Below is an abstract for SERG Report 383 which was recently 
completed by McMaster University's Software Engineering Group.  

Our web address for downloading reports is:

http://www.crl.mcmaster.ca/SERG/serg.publications.html

Our publication page has been revised and I hope that with the new format,
it will be easier to use.  

If you need to have the report mailed to you, there is a $10.00 fee
for both the new SERG reports and the previous CRL Reports to cover printing 
and mailing costs.  Please send a cheque payable to McMaster University. 
This fee does not apply to companies that are members of CITO, 
universities and other "not for profit" organisations.  We will send 
an invoice with the reports if you request one. If the cost to cut a 
cheque exceeds the amount of the cheque, we can keep a "running 
balance" of the  reports you have ordered and when the amount owed 
is around $30.00, an invoice will be issued.


Yours truly,
Doris Burns

				SERG Report 383
	Deriving Real-Time Monitors from System Requirements Documentation
	           		Dr. Dennis Peters

When designing safety- or mission-critical real-time systems,
a specification of the required behaviour of the system should be
produced and reviewed by domain experts. Also, after the system has
been implemented, it should be thoroughly tested to ensure that it
behaves correctly.  This, however, can be difficult if the requirements
are complex or involve strict time constraints. A monitor is a system
that observes the behaviour of a target system and reports if that
behaviour is consistent with the requirements. Such a monitor can be
used as an oracle during testing or as a supervisor during operation.
This thesis presents a technique and tool for generating software for
such a monitor from a system requirements document.

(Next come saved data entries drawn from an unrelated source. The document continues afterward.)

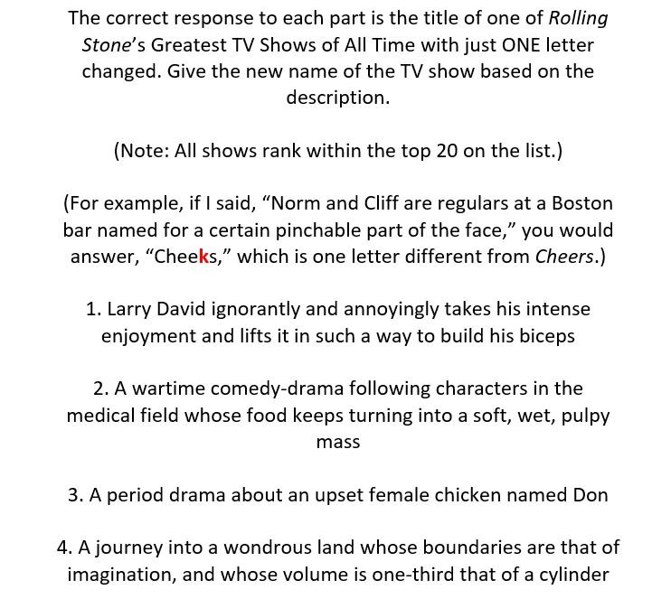 5) Lawsuits – Due to service charges on top of its concert ticket prices, what rock band sued Ticketmaster in 1994 and boycotted the company’s venues for over three years? We discussed two “litigious” bands from the time we could think of, thankfully picked the right one. However, we did not do so well on the nerd point part of the question:
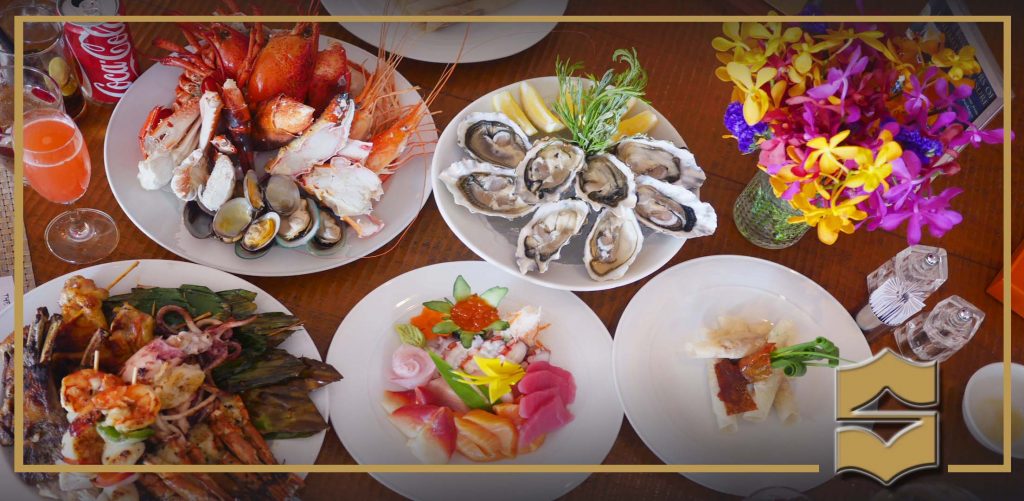กุ้งล็อบสเตอร์จากรัฐเมนน์ ขาปูยักษ์ อลาสก้า ปูทะเลก้ามโต หอยนางรมสดจากสามทวีปของมหาสมุทรแปซิฟิกทั้งยุโรป ออสเตรเลียและอเมริกา กุ้ง และหอยกาบ สดๆ
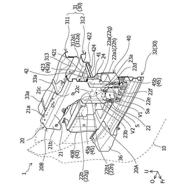 以下、本発明の実施の形態について添付図面を参照して説明する。図1は本発明の一実施形態に係る車両構造1の車両前方から視た斜視図であり、図2及び図3は車両構造1の要部を説明するための図であり、図2は斜視図であり、図3は上面図である。なお、図において、矢印Fr方向は車両前後方向で車両前方を示し、矢印O方向は車幅方向で車両外方(車幅方向外側)を示し、矢印U方向は車両上下方向で車両上方を示している。以下の説明における「前」及び「後」は車両前後方向における前及び後に対応し、「上」及び「下」は車両上下方向における上及び下に対応している。また、「左」及び「右」は、車両前側から車両後側に向かって視た状態での、車幅方向における左及び右に対応している。
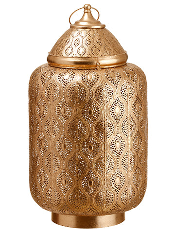 Metal Filigree Lantern with Glass Candleholder Gold
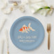Esta elegante y moderna plantilla de platos de papel para despedida de soltera presenta un elegante koi de acuarela nadando a través de un fondo azul sereno. La frase “Ella es una captura afortunada” está delicadamente escrita en letra minimalista y refinada, agregando un toque de fantasía y encanto. Perfecto para celebrar el amor y la suerte, este diseño combina la sofisticación costera con simbolismo juguetón, ideal para una novia que es verdaderamente única.
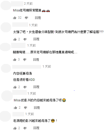 影片播出之後,許多網友紛紛留言:「老濕姬的影片越來越母湯了」、「Misa 的影片的內容越來越母湯了呀」、「內容逐漸母湯 但是很好看XDD」、「這集直接油門踩到底喔!」、「太強了吧,女生還會分辨型號! 到底女司機們為什麼要了解這個???」。
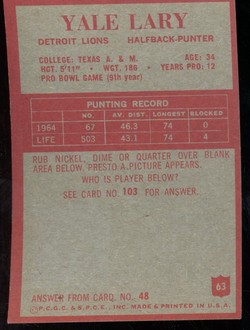 1965 Philadelphia Gum Co. Football Card (#63) of Detroit Lions Hall-of-Fame Defensive Back, Yale Lary.
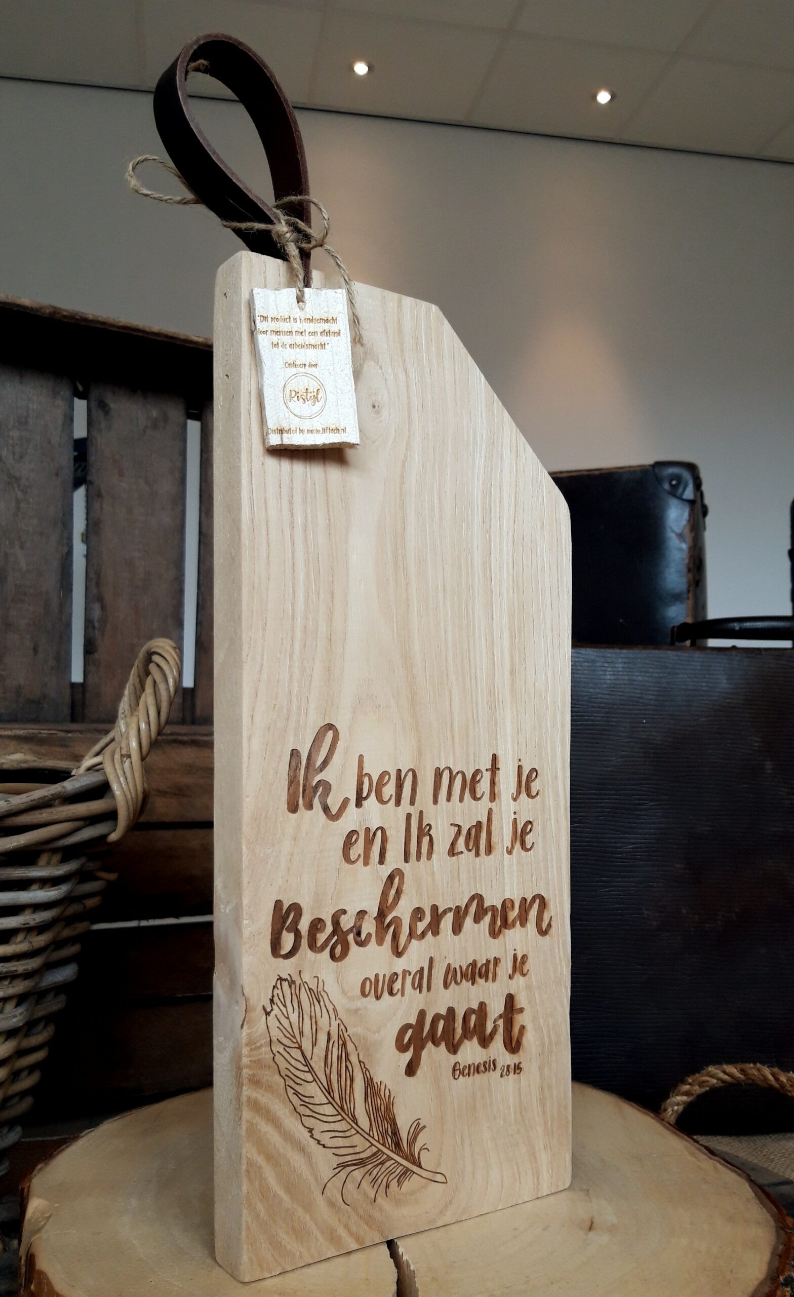 Home » Winkel » Snijplank met leren lus “Ik ben met je en ik zal ..”
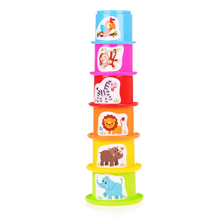 Это яркая и увлекательная пирамидка, в виде разноцветных стаканчиков, на которых изображены обитатели Зоопарка. В процессе игры ребенок учится различать цвет, развивать мелкую моторику рук и память. Кроме развивающих свойств пирамидка обладает отличными игровыми качествами. Ее элементы можно соединить в башенку. Так же стаканчики можно использовать в качестве формочек для песка и делать отпечатки с разными узорами, которые располагаются на внешней стороне донышка. С цветными стаканчиками можно играть не только в песочнице, но и в бассейне с водой, переливая ее в виде водопадика!
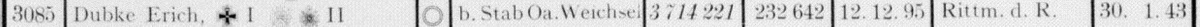 3. Auch der Rittmeister Dubke lässt sich für mich nicht eineindeutig zuordnen. Es zumindest ein älteres und ein jüngeres Danziger Haus Dieses Namens. Somit ist für mich auch nicht eindeutig, ob der SS-Sturmbannführer Erich DUBKE zuzuordnen ist.
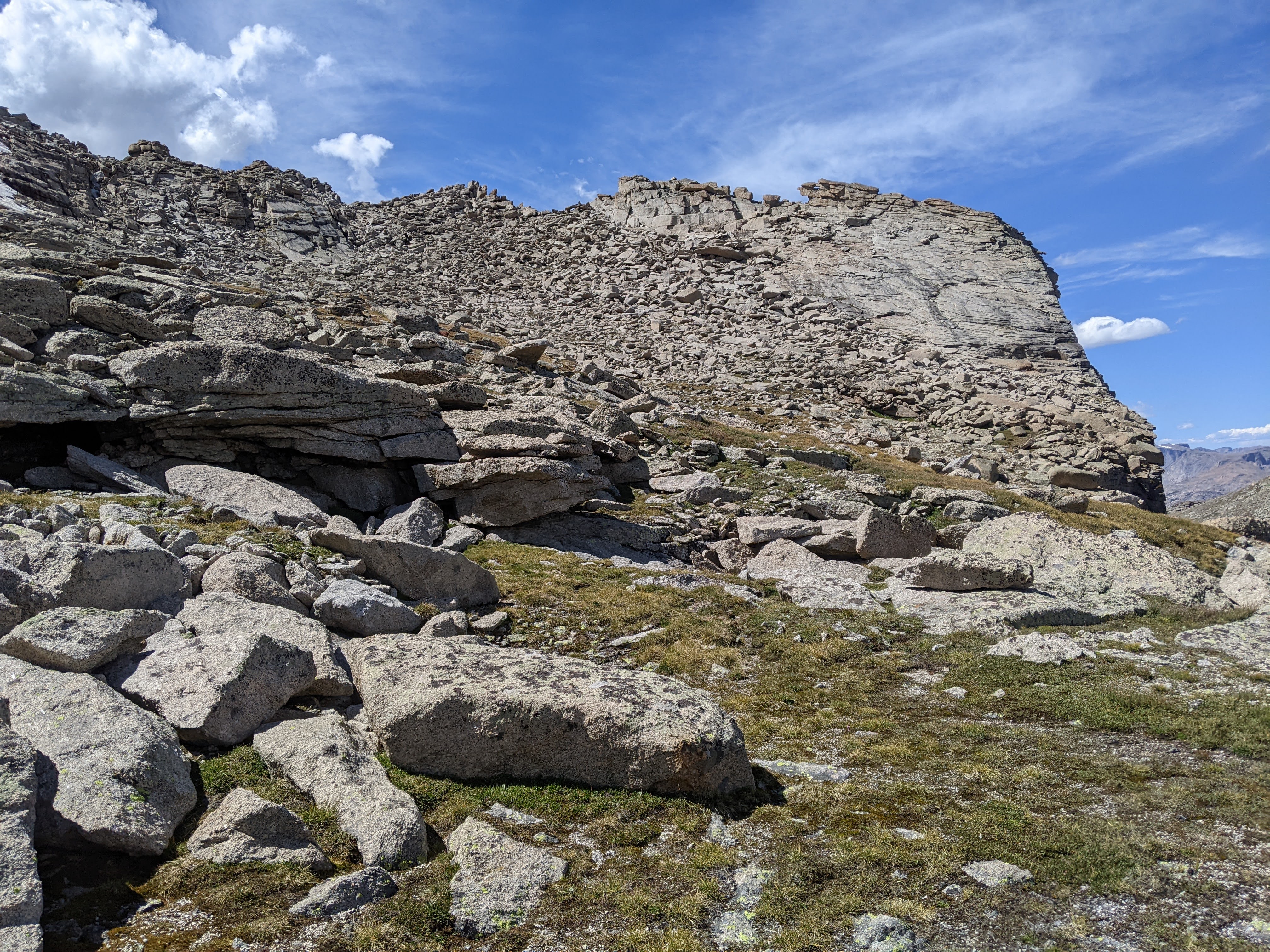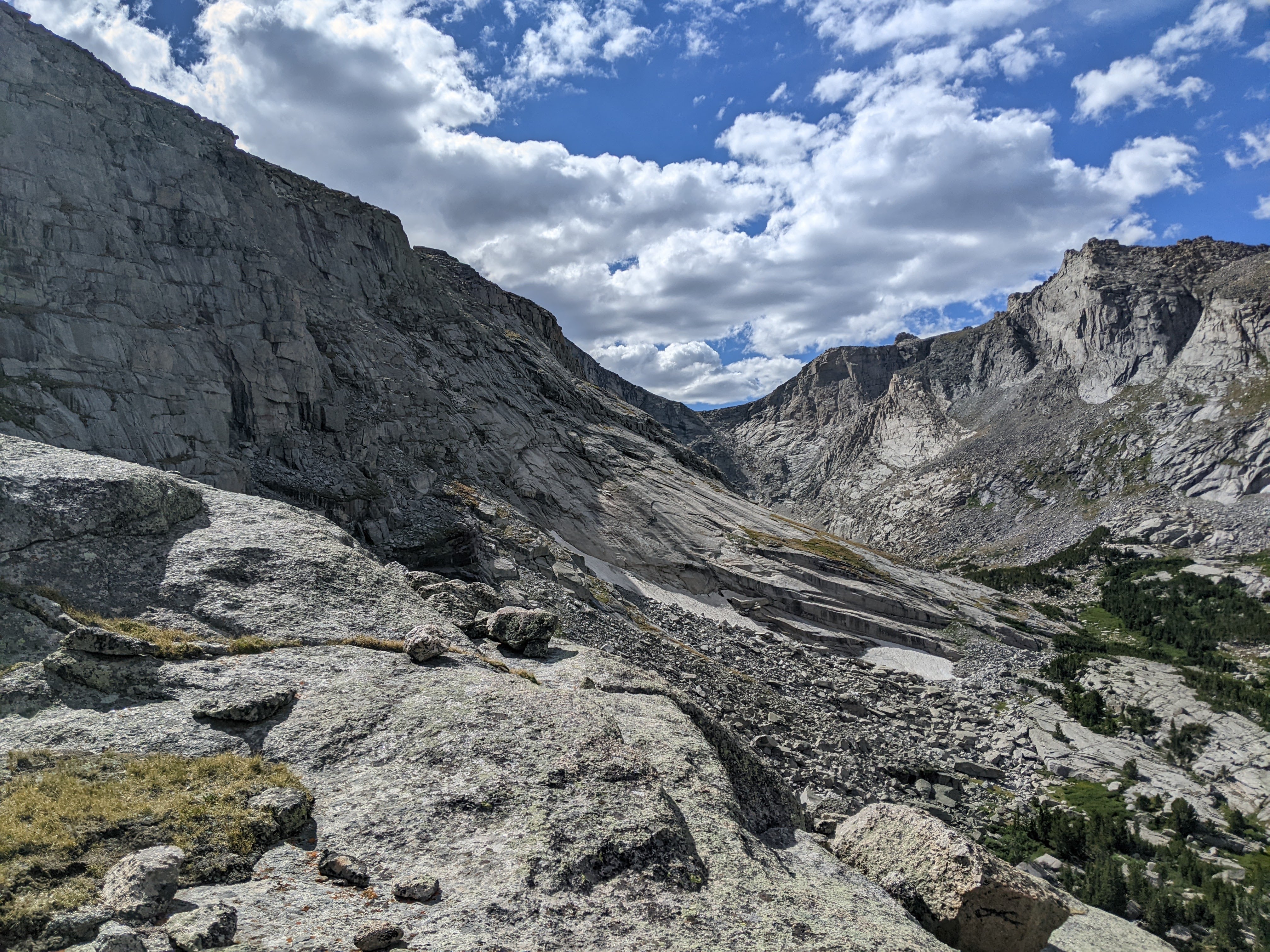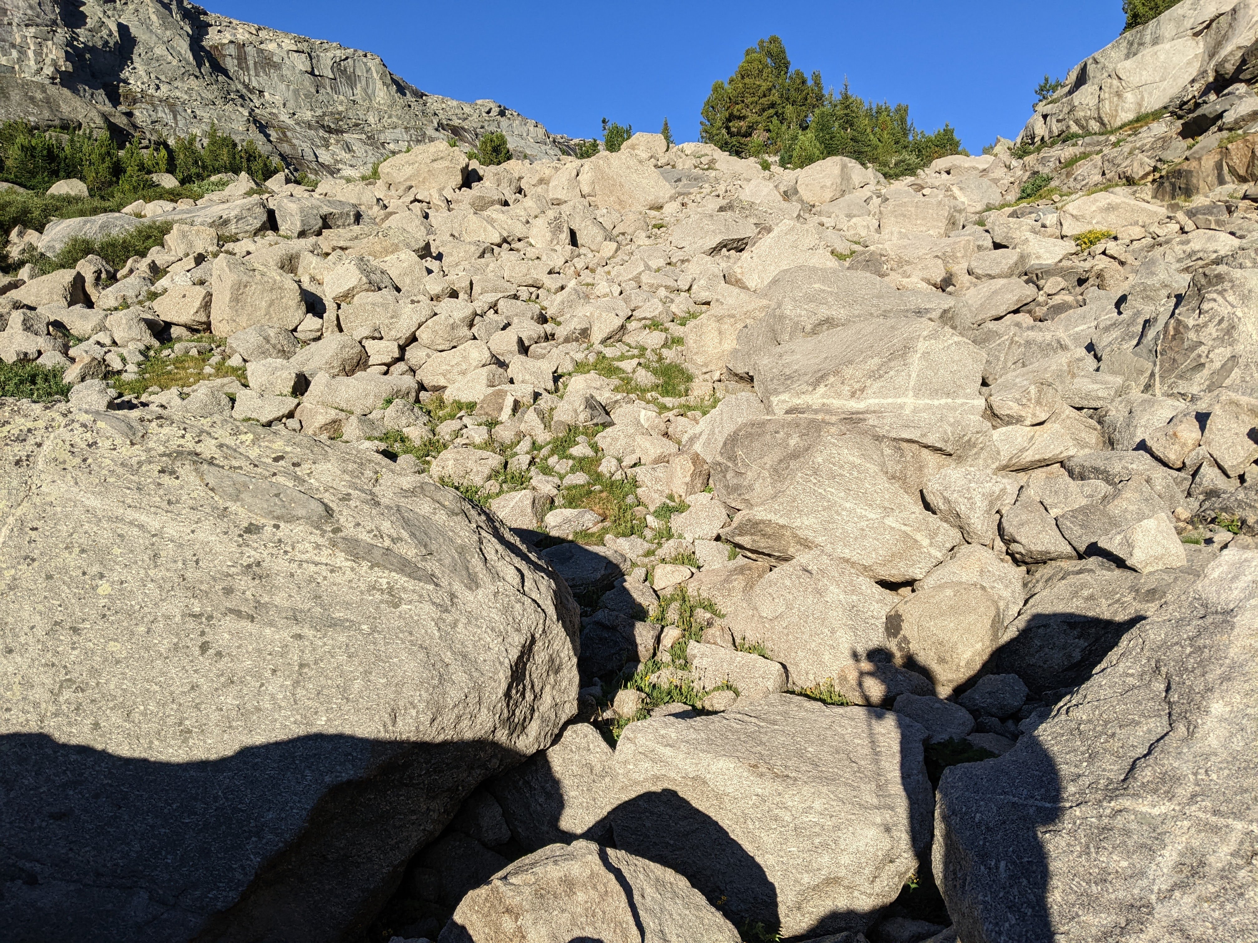 Looking back up at the upper boulderfield. If you are ascending this route, aim for that clump of trees.

A system requirements documentation technique, based on [102], is
presented, in which the required system behaviour is described in terms
of the environmental quantities that the system is required to observe and
control, which are modelled as functions of time. The relevant history of
these quantities is abstracted as the initial conditions and a sequence
of events. The required value of all controlled quantities is specified,
possibly using modes---equivalence classes of histories---to simplify
the presentation.  Deviations from the ideal behaviour are described
using either tolerance or accuracy functions.

The monitor will be affected by the limitations of the devices it uses
to observe the environmental quantities, resulting in the potential for
false negative or positive reports. The conditions under which these
occur are discussed.

The  generation of monitor software from the requirements documentation
for a realistic system is presented. This monitor is used to test an
implementation of the system, and is able to detect errors in the
behaviour that were not detected by previous testing. For this example
the time required for the monitor software to evaluate the behaviour is
less than the interval between events.